Ah thanks for all the tips guys I guess I will go ahead and start preparing everything. I will probably go with a 75!


----------



## bobrez (Sep 10, 2011)

For another method my take is to silicone a piece of glass, to a alum screen frame and use metal hinges. 
This is only a 15h but it should upscale well, my next vert will be a 20h or 29, and will use this method again


----------



## VicSkimmr (Jan 24, 2006)

Maybe it's just me, but converting a pre-built aquarium into a vertical vivarium is a messy way to do it. You can easily just buy the glass and construct your own, giving you much more freedom in size. This is especially true when going with larger tanks. Aquariums just don't give you enough width to give you an aesthetically pleasing size, IMO of course.


----------



## crittercurt (Jul 8, 2009)

I only have one tank that has a vent and that tank stays drier on the inside then what I like. I have never had a problem with my tanks fogging up so I figured I would try it with no vent and if that does not work I will figure out a way to put one in. I was going to get sliding doors but after I looked at how wide the door space would be I would only have 12 inch wide access, I don't think I would even be able to arrange plants or pull frogs or tads easy without pulling the sliders off. I was planning on using piano or living hinges on the sides, if I am off a 16th of an inch I will silicone the edge to prevent fruit flies from getting out.
If you have any bad experiences or better ideas please feel free to share, I am sure everyone would profit from it.

Thanks, Curtis


----------



## Eric Walker (Aug 22, 2009)

VicSkimmr said:


> Maybe it's just me, but converting a pre-built aquarium into a vertical vivarium is a messy way to do it. You can easily just buy the glass and construct your own, giving you much more freedom in size. This is especially true when going with larger tanks. Aquariums just don't give you enough width to give you an aesthetically pleasing size, IMO of course.
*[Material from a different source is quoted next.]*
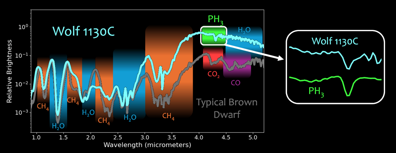 亚当·伯加瑟教授表示,团队通过分析韦伯望远镜传回的高精度红外光谱数据,在Wolf 1130 C的大气中发现了磷化氢独有的吸收特征。通过先进的大气反演模型,他们确定磷化氢在这颗褐矮星大气中的丰度约为千万分之一。
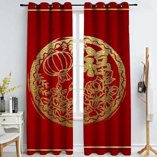 Aozhiswe Lot de 2 Rideau Chinois Rouge Rideaux Occultants 140x245 cm Style Asiatique Imprimé 3D Draperies Ntérieurs Rideaux de Fenetre Isolant Thermique Décoration Rideaux pour Chambre Salon a.2109

I understand the width issue but the 40 breeders are perfect. About 18" of width when turned on end. And if you buy them during the dollar a gallon sale there is no way in hell you can come close to getting the same amout of glass for anywhere near the price in 1/4". And messy? I just don't understand that at all. Mine are clean and just as showy as functional.


----------



## VicSkimmr (Jan 24, 2006)

Eric Walker said:


> I understand the width issue but the 40 breeders are perfect. About 18" of width when turned on end. And if you buy them during the dollar a gallon sale there is no way in hell you can come close to getting the same amout of glass for anywhere near the price in 1/4". And messy? I just don't understand that at all. Mine are clean and just as showy as functional.


I just don't like all of that plastic trim around the edges. No need to get defensive over it, I'm not insulting anyone who chooses to do it.


----------



## tnorwood0811 (Sep 7, 2011)

Eric Walker said:


> I understand the width issue but the 40 breeders are perfect. About 18" of width when turned on end. And if you buy them during the dollar a gallon sale there is no way in hell you can come close to getting the same amout of glass for anywhere near the price in 1/4". And messy? I just don't understand that at all. Mine are clean and just as showy as functional.


Speaking of the dollar a gallon sale! When is that going to happen again?!


----------



## gardennub (Dec 10, 2011)

> Speaking of the dollar a gallon sale! When is that going to happen again?!


I think it only happens once a year :/ so next winter?


----------



## tnorwood0811 (Sep 7, 2011)

I ended up googling it and it happened in late January. Hopefully it will be one in the winter! But hey if it's not there is always Craigslist and eBay!


----------